The sermon had already begun. Hugh Ritson walked up the aisle noiselessly until he came close behind the throng of people standing together. Then he stood at the side of a column and looked around on those in the nave.

He was within range of the preacher's voice, but he hardly listened. His eyes traversed the church until at last they rested on one spot in the south transept, where a company of nuns sat with downcast eyes half closed. The face of one of them was hidden beneath her drooping coif; the rosary held to her breast was gripped with nervous fingers. Near at hand there was another face that riveted Hugh Ritson's gaze. It was the face of Greta, radiant in its own beauty, and tender with the devotional earnestness of parted lips and of lashes wet with the dew of a bruised spirit.

From these two his eyes never wandered for longer than a minute!

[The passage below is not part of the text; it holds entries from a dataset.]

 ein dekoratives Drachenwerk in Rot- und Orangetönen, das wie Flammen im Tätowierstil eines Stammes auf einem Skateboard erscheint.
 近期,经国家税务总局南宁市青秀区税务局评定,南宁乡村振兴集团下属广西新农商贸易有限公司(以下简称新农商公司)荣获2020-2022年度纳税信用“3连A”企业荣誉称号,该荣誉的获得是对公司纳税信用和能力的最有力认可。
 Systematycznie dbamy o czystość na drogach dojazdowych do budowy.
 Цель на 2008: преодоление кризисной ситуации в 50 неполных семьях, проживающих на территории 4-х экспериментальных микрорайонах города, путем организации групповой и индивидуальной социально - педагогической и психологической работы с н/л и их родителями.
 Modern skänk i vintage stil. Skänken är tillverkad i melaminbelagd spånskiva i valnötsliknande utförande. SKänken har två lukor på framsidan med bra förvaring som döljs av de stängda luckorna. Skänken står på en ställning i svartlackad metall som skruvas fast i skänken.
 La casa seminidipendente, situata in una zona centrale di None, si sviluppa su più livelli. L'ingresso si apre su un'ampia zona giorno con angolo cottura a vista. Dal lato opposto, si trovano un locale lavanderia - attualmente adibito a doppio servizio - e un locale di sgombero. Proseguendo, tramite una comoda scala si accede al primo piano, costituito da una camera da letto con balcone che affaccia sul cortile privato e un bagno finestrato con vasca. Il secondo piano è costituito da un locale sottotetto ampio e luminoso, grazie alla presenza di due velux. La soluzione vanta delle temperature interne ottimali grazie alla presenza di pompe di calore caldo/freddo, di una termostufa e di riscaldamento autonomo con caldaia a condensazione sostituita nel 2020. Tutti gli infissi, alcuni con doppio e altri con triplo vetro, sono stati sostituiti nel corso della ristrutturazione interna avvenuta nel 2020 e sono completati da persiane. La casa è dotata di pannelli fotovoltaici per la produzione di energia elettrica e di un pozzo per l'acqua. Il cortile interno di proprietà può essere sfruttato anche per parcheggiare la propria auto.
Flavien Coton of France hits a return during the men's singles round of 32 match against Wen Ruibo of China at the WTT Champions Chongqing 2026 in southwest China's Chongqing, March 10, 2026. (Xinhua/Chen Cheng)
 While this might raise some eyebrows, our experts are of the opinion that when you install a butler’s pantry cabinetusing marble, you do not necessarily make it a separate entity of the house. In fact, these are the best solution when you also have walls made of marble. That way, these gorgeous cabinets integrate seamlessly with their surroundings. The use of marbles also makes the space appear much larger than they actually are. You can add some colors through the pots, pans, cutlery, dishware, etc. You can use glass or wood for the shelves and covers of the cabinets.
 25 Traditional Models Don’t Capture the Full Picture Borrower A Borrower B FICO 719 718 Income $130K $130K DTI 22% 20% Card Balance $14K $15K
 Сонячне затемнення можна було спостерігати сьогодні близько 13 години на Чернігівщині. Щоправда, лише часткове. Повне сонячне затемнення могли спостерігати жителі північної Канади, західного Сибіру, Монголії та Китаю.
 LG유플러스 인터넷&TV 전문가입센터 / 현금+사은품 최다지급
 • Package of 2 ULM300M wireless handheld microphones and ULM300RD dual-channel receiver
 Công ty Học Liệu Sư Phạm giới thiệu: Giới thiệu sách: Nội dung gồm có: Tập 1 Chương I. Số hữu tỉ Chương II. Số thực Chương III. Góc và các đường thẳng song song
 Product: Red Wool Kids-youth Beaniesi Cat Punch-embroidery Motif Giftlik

Languidly he listened to the words that floated over the people, and held them mute. The preacher was a slight young man, emaciated, pale, with lustrous eyes, and a voice that had a thin, meek pipe. But the discourse was in a strain of feverish excitement, a spirit of hard intolerance, a tone of unrelenting judgment, that would have befitted the gigantic figure and thunderous accents of the monk Jerome.

"There is a way that seemeth right unto a man, but the end thereof is death." This was the text, twenty times repeated. Men talked of the rights of conscience, as if conscience were God's law. They babbled of toleration, as if any heresy were to be endured, if only it were believed. Conscience! It was the slave of Circumstance. Toleration! It was the watchword at the gate of hell.

Hugh Ritson listened with a vague consciousness, his eyes fixed alternately on the nun with the drooping coif and on the fair, upturned face beside her. At last a word struck him, and made his whole soul to vibrate. Men, women, the great mute throng, pillars, arches, windows of figured saints, altar aflame with candles, the surpliced choir, and the pale, thin face with the burning eyes in the pulpit above—all vanished in an instant.

What was true, said the preacher, in the realm of thought, could not be false in the world of life. Men did evil deeds, and justified them to their own enslaved minds. No way so dark but it had appeared to be the path of light; none so far wrong but it had seemed to be right. Let man beware of the lie that he told to his own heart. The end thereof is death.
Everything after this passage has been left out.